2014 Reunion

Report and photographs of Reunion held on 10th May by David Newland



We took the hallowed walk from YSP through the gardens and across to the old Media Centre, then around the barrier past Ezra Taylor and The Gym, to the National Arts Education Archive in the Lawrence Batley building (opened as the extension to the Library in 1989).  I had to take this shot of our beloved Stable Block…

Richard, Anna and Tony shared some of their knowledge and information, including the fabulous Country Life Magazine photos from the famous 1938 edition, but with some that have never been published.

Tony compared some stunning state room shots with Alan Parker’s 2007 images….

Then it was upstairs to some of the artefacts and records held by the NAEA, proudly shared by Anna and Allie.

Richard told us more about the contribution Bretton Hall has made to history, including the Bretton Woods estate in the USA (where that famous WWII treaty was signed) and the inspiration for one of Jane Austen’s characters.

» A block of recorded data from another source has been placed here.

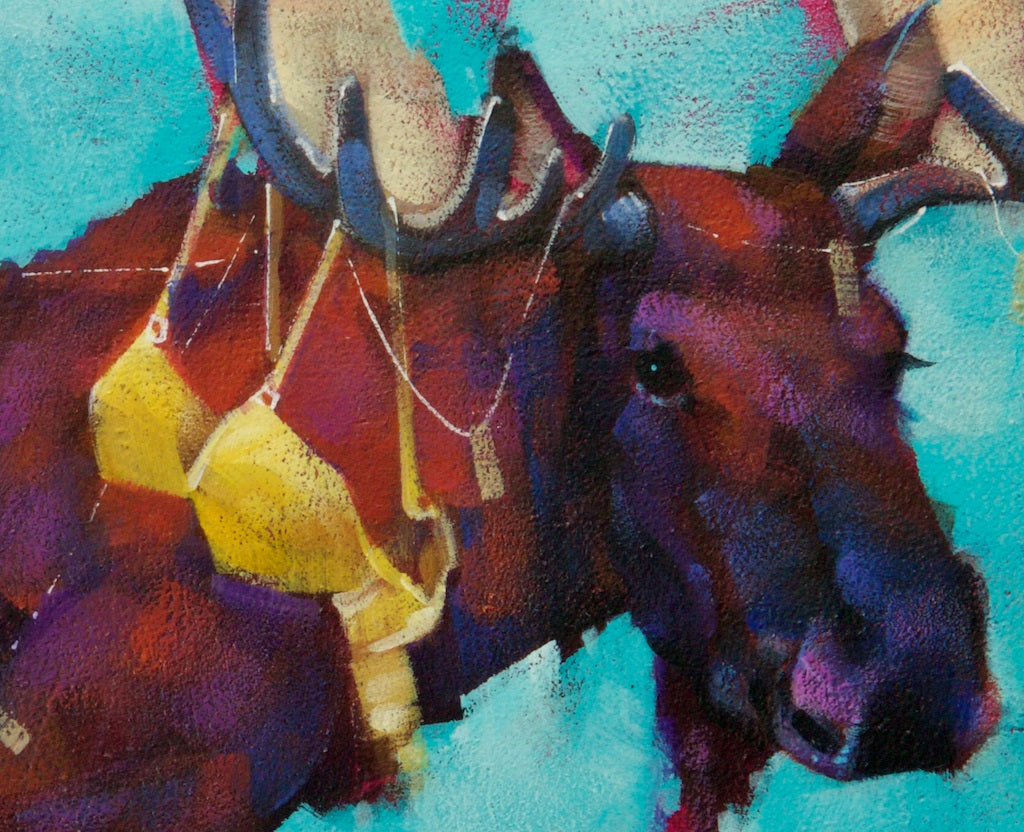 Pun on word taken literally (trapped in 3 bras -one is a whimsy), cute cut-out, wavy edge, lots of whimsies (amongst others two beavers and a squirrel wearing hats), beautiful colors (the moose is a symphony of browns, reds and purples)... what's not to like?!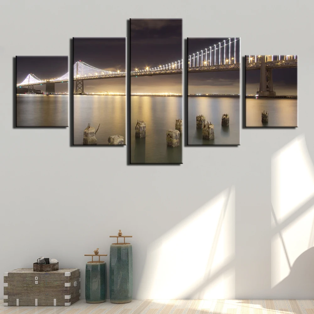 Modname = ckeditorКартина на холсте, 5 шт., печать и постеры, домашний декор, искусство, городской мост, настенные картины для гостиной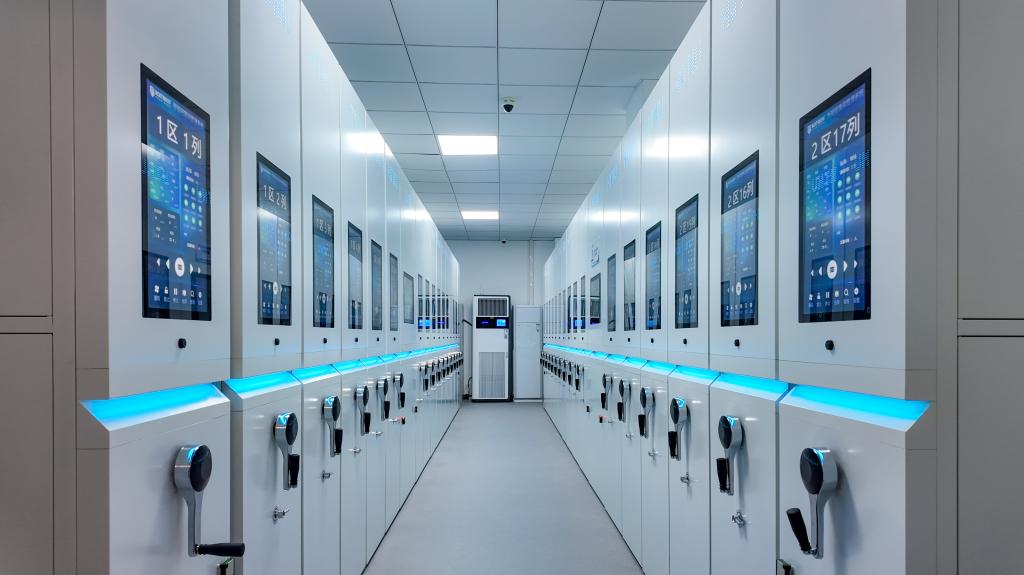 库房区设综合档案、学生档案、财务档案、干部人事档案、实物档案5个专业库房,配备智能密集架与手动密集架,适配多样化档案存储需求;严格对标档案管理“十防”标准,配齐恒温恒湿、气体消防、安防监控、消毒除尘及智能门禁等软硬件设施,为馆藏档案筑牢安全屏障。

Then I grabbed a quick visual survey of Stable Block lawn.  Imagine the thrill of seeing the Country Life
Magazine photo of the full quad earlier!

Onwards through campus down to the front of Mansion, where we chanced upon these younger Brettonians…

…and on to Dam Head, substantially restored since the dark days of the ’50 Year Flood’ fears of the late 1980s.

Richard took us into the recently renovated Pump House (all those years at Bretton and I never noticed it was there), which used to pull water out of the Dearne and send it all the way up to the Mansion and Stables.  YSP
would like to raise more funds to restore the ancient machinery inside the Pump House too.


Then we headed up through the Deer Park…

… to the Deer Shelter – another building I’d never been inside.  The original shelter had been renovated and transformed into a public work of art.  Wouldn’t it be fabulous to catch the dawn sun’s rays through the
huge roof opening…



Later in the evening, a two course dinner was served at YSP’s main restaurant as the daylight faded away.